There’s never been a better time to eat Las Vegas. As the Strip and the city around it have evolved, so has the Valley’s sprawling dining scene. From eat-your-way-through neighborhoods to groundbreaking restaurants, these 10 reasons are a right-now snapshot of why today truly is the Golden Age of Las Vegas dining.
9. You can have a once-in-a-lifetime meal anytime
It’s Wednesday night and you want to step into the mind of acclaimed Spanish chef José Andrés. Good thing there is é, the eight-seat restaurant-within-a-restaurant in a back corner of Jaleo at the Cosmopolitan.
“It’s like dining inside José’s brain,” says sous chef Cody Jeffs, referring to the eccentric décor and the menu—20 carefully orchestrated, perfectly choreographed mini-courses that pay homage to classic Spanish dishes and flavors with a decidedly modern twist.

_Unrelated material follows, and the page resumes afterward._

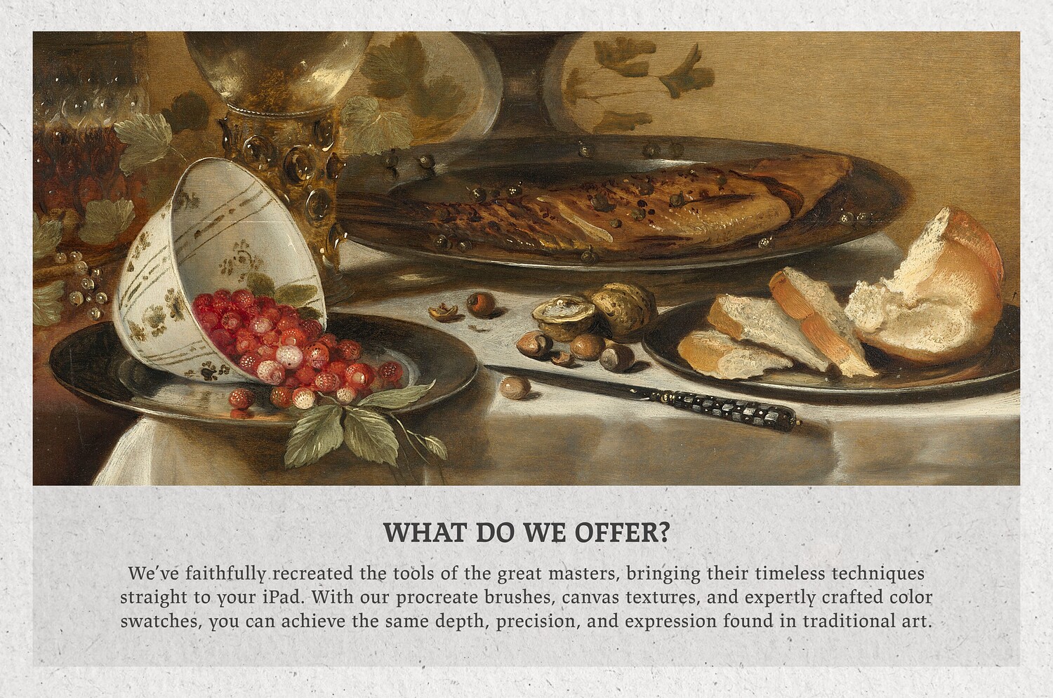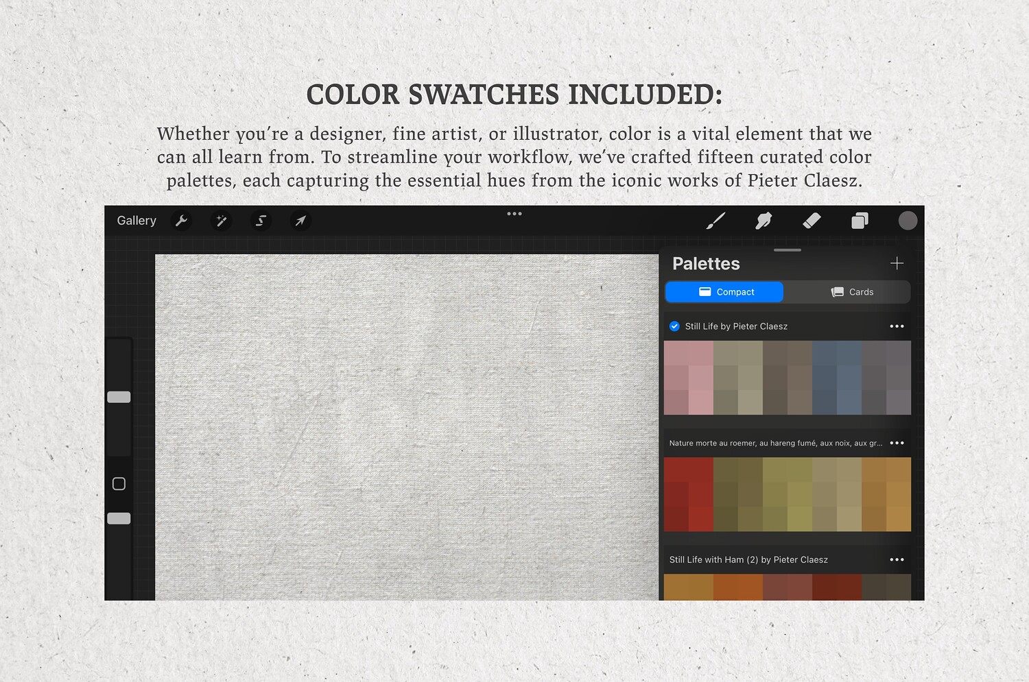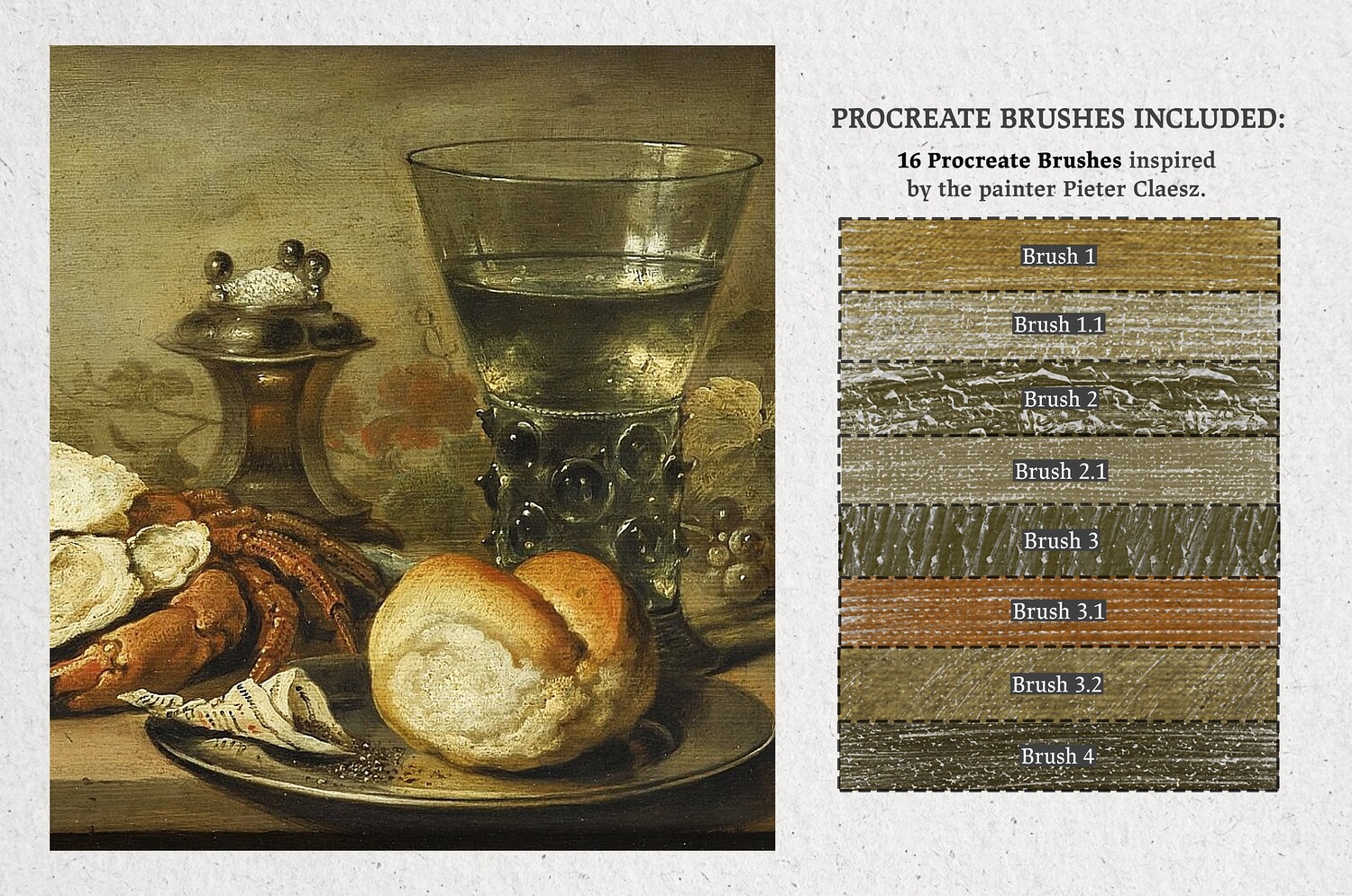 Free Sample - Pieter Claesz Procreate Kit (Procreate Brushes, Color Palettes & Canvas Textures)

It’s the kind of meal that often ends with new friends and occasionally with tears of appreciation, but perhaps the most remarkable thing about é is simply that it’s here. If you have the email address (reservations are not accepted over the phone) and the funds (dinner costs $195 without wine), you can have Andrés’ once-in-a-lifetime experience any time you like.
In fact, in Las Vegas, there are bucket list-caliber meals available every night of the week.
As the city’s dining scene has evolved, the Strip hasn’t just wooed the world’s culinary big guns, it’s dared them to create over-the-top experiences for a town that doesn’t do subtle. Hence, the Krug Chef’s Table at Guy Savoy, a six-seat private nook where diners have an intimate kitchen view as they sample Krug champagne and up to 13 courses—in the company of Olivier Krug and chef Guy Savoy. Fellow Frenchman Joël Robuchon’s eponymous MGM Grand restaurant—affectionately called “the Mansion”—serves a 16-course menu degustation, an epic fine-dining experience that lives up to the $435 price tag and will change the way you look at bread forever (and, for that matter, carts). Just down the street, Masayoshi Takayama’s Tetsu elevates teppanyaki cooking with ingredients like Australian filet mignon, foie gras and whole lobster with pineapple butter, while across CityCenter’s central plaza, Twist at Mandarin Oriental transports diners into the inventive orbit of Michelin-starred chef Pierre Gagnaire, known for melding flavors and textures in ways you never imagined were possible, let alone delicious.
Perhaps that’s ultimately the mark of the once-in-a-lifetime meal—that it alters your concept of an ingredient, a dish or dining in general. Whether you get that from an über-aged steak at Carnevino, Gagnaire’s horseradish and quince ice cream or the 17th bite at é, in Vegas, it’s all at your fingertips, all the time, ready to astound.